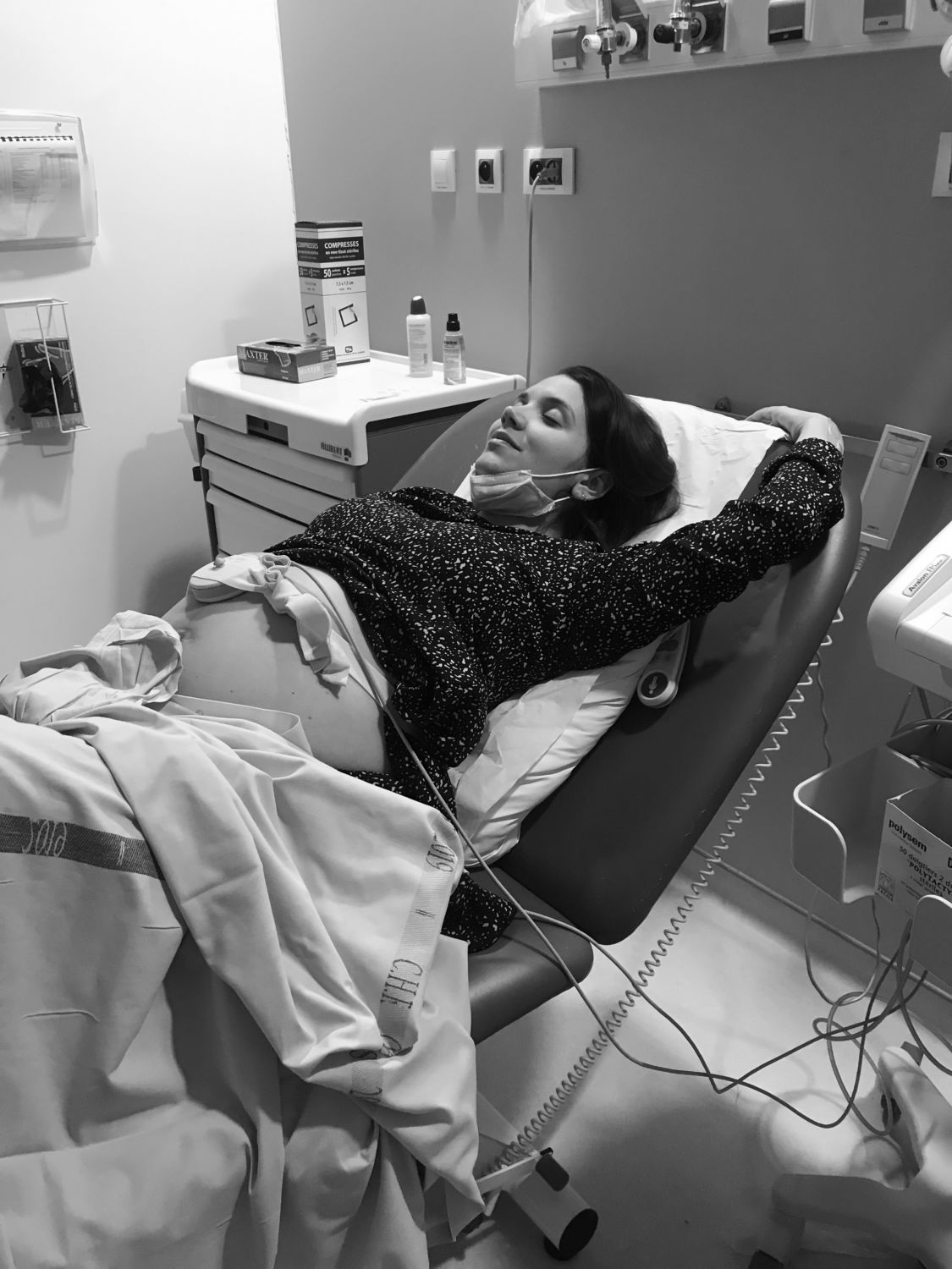 En arrivant à la maternité, premier coup dur, avec le Covid, le papa ne peut pas passer l’entrée mais on m’accueille agréablement et avec le sourire. Un test urinaire et un PCR plus tard et me voilà dans une petite salle avec un sage-femme bien trop cool qui examine mon col et qui me fait un monitoring. Les contractions sont là mais je ne suis dilatée qu’à 1 cm (pour accoucher il faut être à 10 cm). Malgré la souffrance, je vais devoir retourner à la maison pour continuer le travail. J’avais le choix de rester à côté de l’hôpital mais j’ai préféré repartir dans mon cocon, avec mon futur mari. On me dit de revenir d’ici 2 bonnes heures pour voir l’évolution. En tout cas, c’est le jour-j, mon bébé va naître le 18 août !
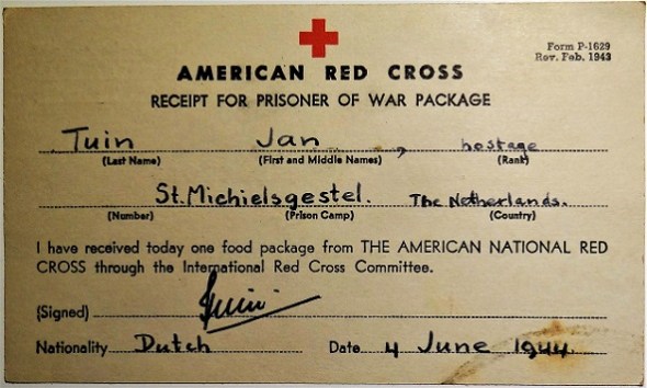 Geplaatst op: 21 maart 2017 Hoort bij: Familie, Geschiedenis 2 reactiesTwee dagen voor D-Day kreeg Jan Tuin, gijzelaar van de Duitsers te Sint Michielsgestel, een voedselpakket van het Amerikaanse Rode Kruis. Dit kaartje diende als ontvangstbewijs. Het is getekend –
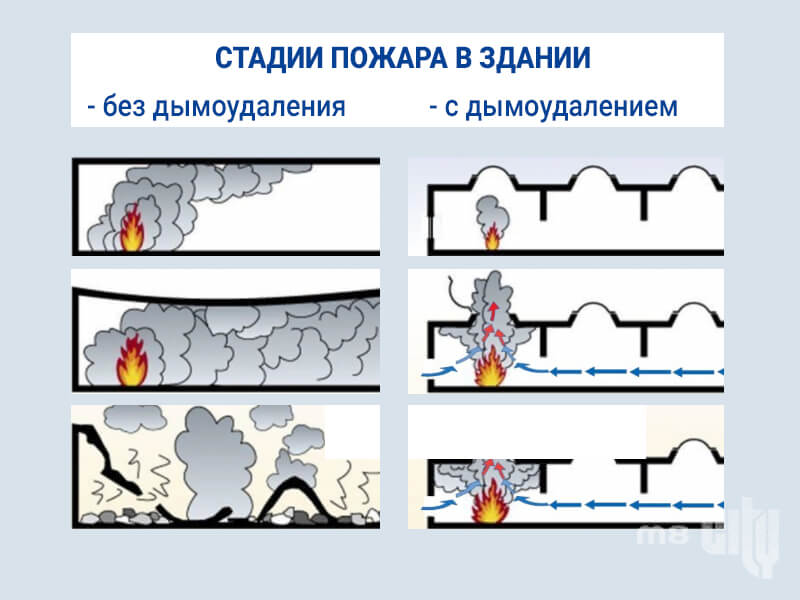 - Снижение уровня задымления помещения при эвакуации, что повышает ее эффективность;

***

TASK DETAILS
In transcribing the lines above, omit the images and keep all else exact.

TASK RESPONSE
 En arrivant à la maternité, premier coup dur, avec le Covid, le papa ne peut pas passer l’entrée mais on m’accueille agréablement et avec le sourire. Un test urinaire et un PCR plus tard et me voilà dans une petite salle avec un sage-femme bien trop cool qui examine mon col et qui me fait un monitoring. Les contractions sont là mais je ne suis dilatée qu’à 1 cm (pour accoucher il faut être à 10 cm). Malgré la souffrance, je vais devoir retourner à la maison pour continuer le travail. J’avais le choix de rester à côté de l’hôpital mais j’ai préféré repartir dans mon cocon, avec mon futur mari. On me dit de revenir d’ici 2 bonnes heures pour voir l’évolution. En tout cas, c’est le jour-j, mon bébé va naître le 18 août !
 Geplaatst op: 21 maart 2017 Hoort bij: Familie, Geschiedenis 2 reactiesTwee dagen voor D-Day kreeg Jan Tuin, gijzelaar van de Duitsers te Sint Michielsgestel, een voedselpakket van het Amerikaanse Rode Kruis. Dit kaartje diende als ontvangstbewijs. Het is getekend –
 - Снижение уровня задымления помещения при эвакуации, что повышает ее эффективность;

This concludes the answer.